The problem ::
The pictures in the data below are to be omitted; all else must be duplicated exactly.

Task input ::

★ ★ ★ ★ ★ ★ ★

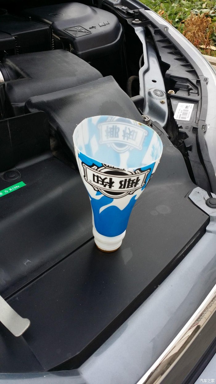 新机滤装上后,开始从加机油口的地方倒机油了,自制漏斗,嘿嘿,勿笑哦!
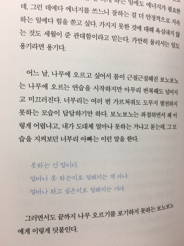 적당히 잘 들어와 녹아들어 있는 삽화는 이 책을 읽는데 있어서 큰 도움을 주는데 그것과 더불어 간혹 등장하는 보노보노 만화 속의 명대사들은 많은 이들에게 공감을 이끌어내기에 충분하다.
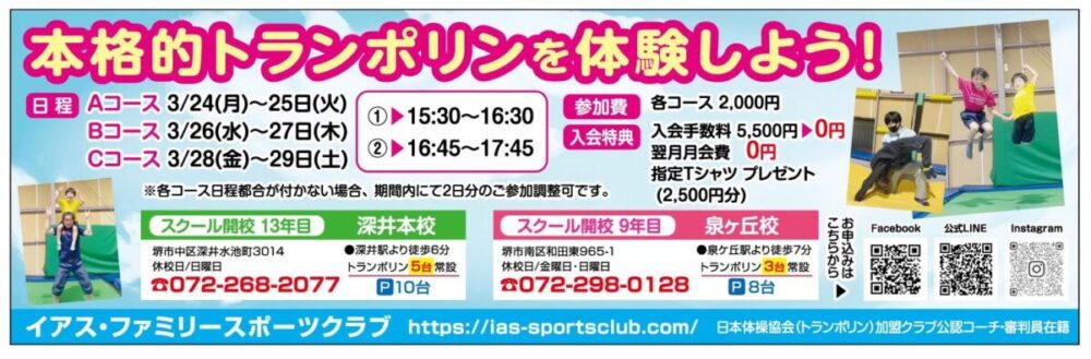 堺市中区と堺市南区にある『イアス・ファミリースポーツクラブ』でトランポリンを体験してみませんか?
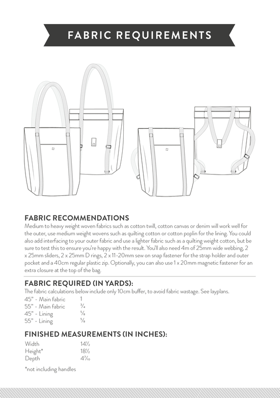 Sew a tote bag and a backpack in one with the Totepack sewing pattern!
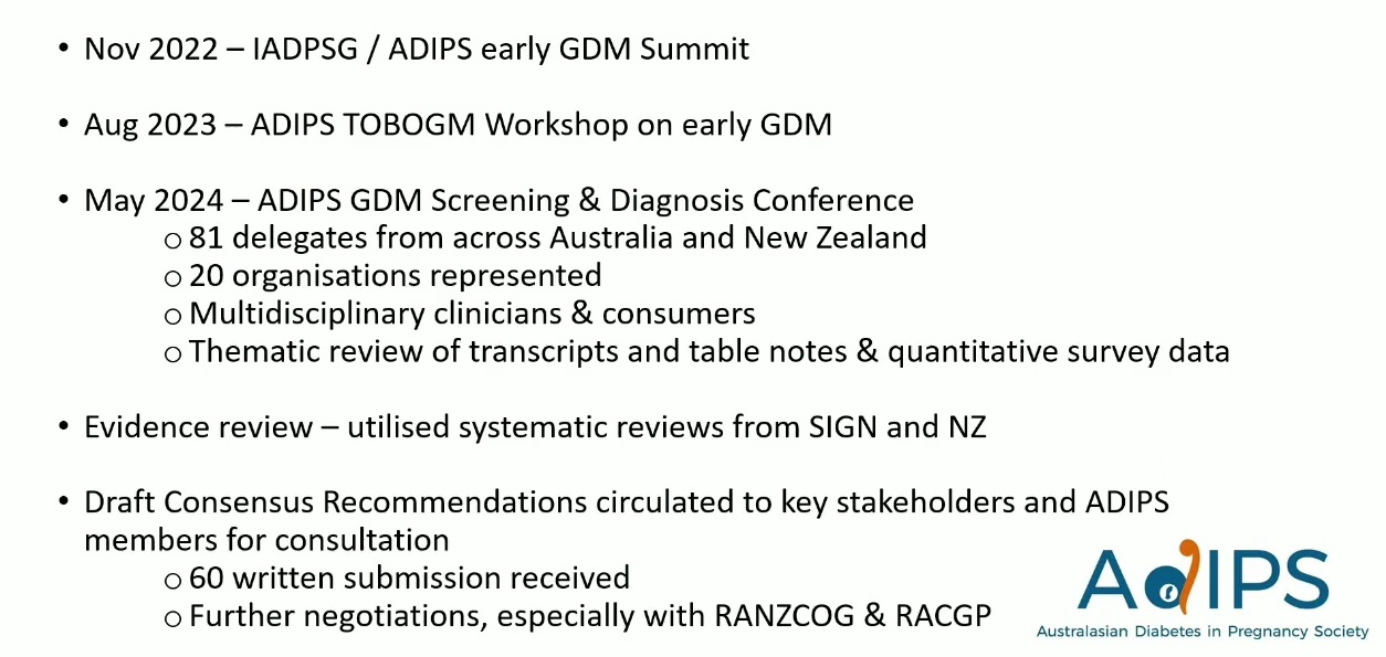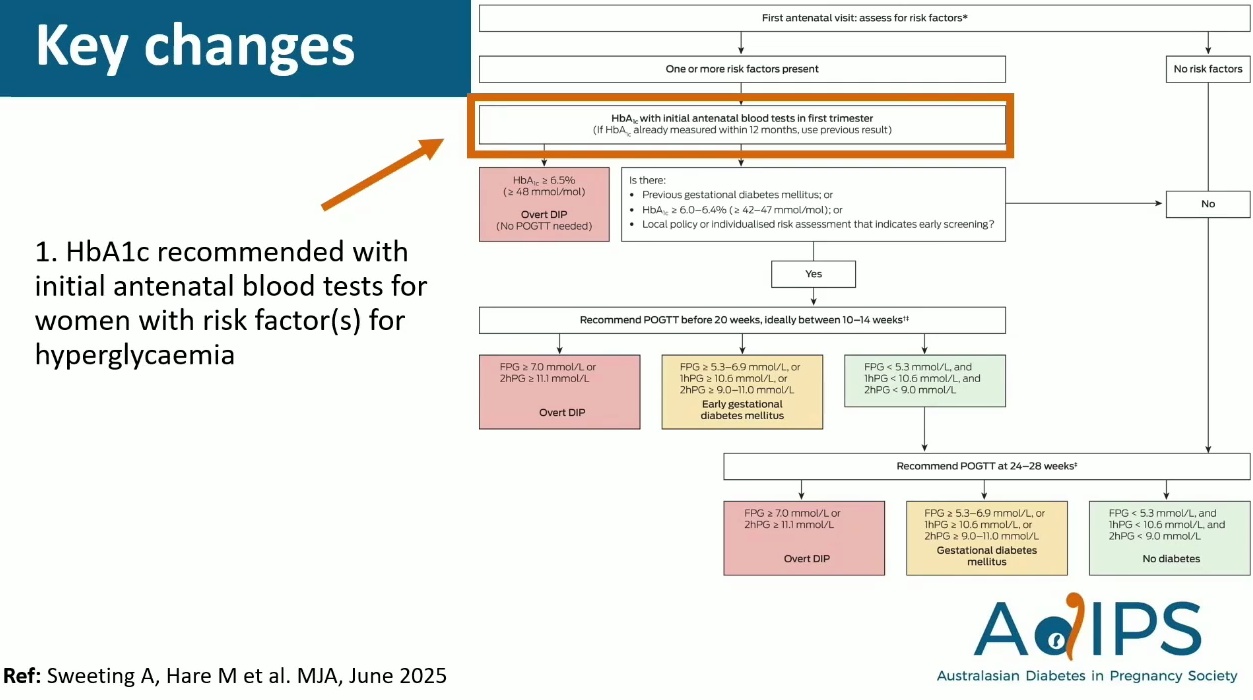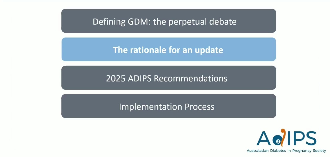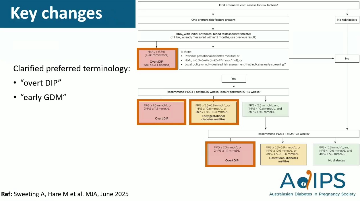 - ADIPS 成為繼弗拉芒 (Flemish) 團隊後,首批引入明確早期 GDM 診斷標準的指引,並採用 HAPO OR 2.0 標準。

★ ★ ★ ★ ★ ★ ★

Your response ::
 新机滤装上后,开始从加机油口的地方倒机油了,自制漏斗,嘿嘿,勿笑哦!
 적당히 잘 들어와 녹아들어 있는 삽화는 이 책을 읽는데 있어서 큰 도움을 주는데 그것과 더불어 간혹 등장하는 보노보노 만화 속의 명대사들은 많은 이들에게 공감을 이끌어내기에 충분하다.
 堺市中区と堺市南区にある『イアス・ファミリースポーツクラブ』でトランポリンを体験してみませんか?
 Sew a tote bag and a backpack in one with the Totepack sewing pattern!
 - ADIPS 成為繼弗拉芒 (Flemish) 團隊後,首批引入明確早期 GDM 診斷標準的指引,並採用 HAPO OR 2.0 標準。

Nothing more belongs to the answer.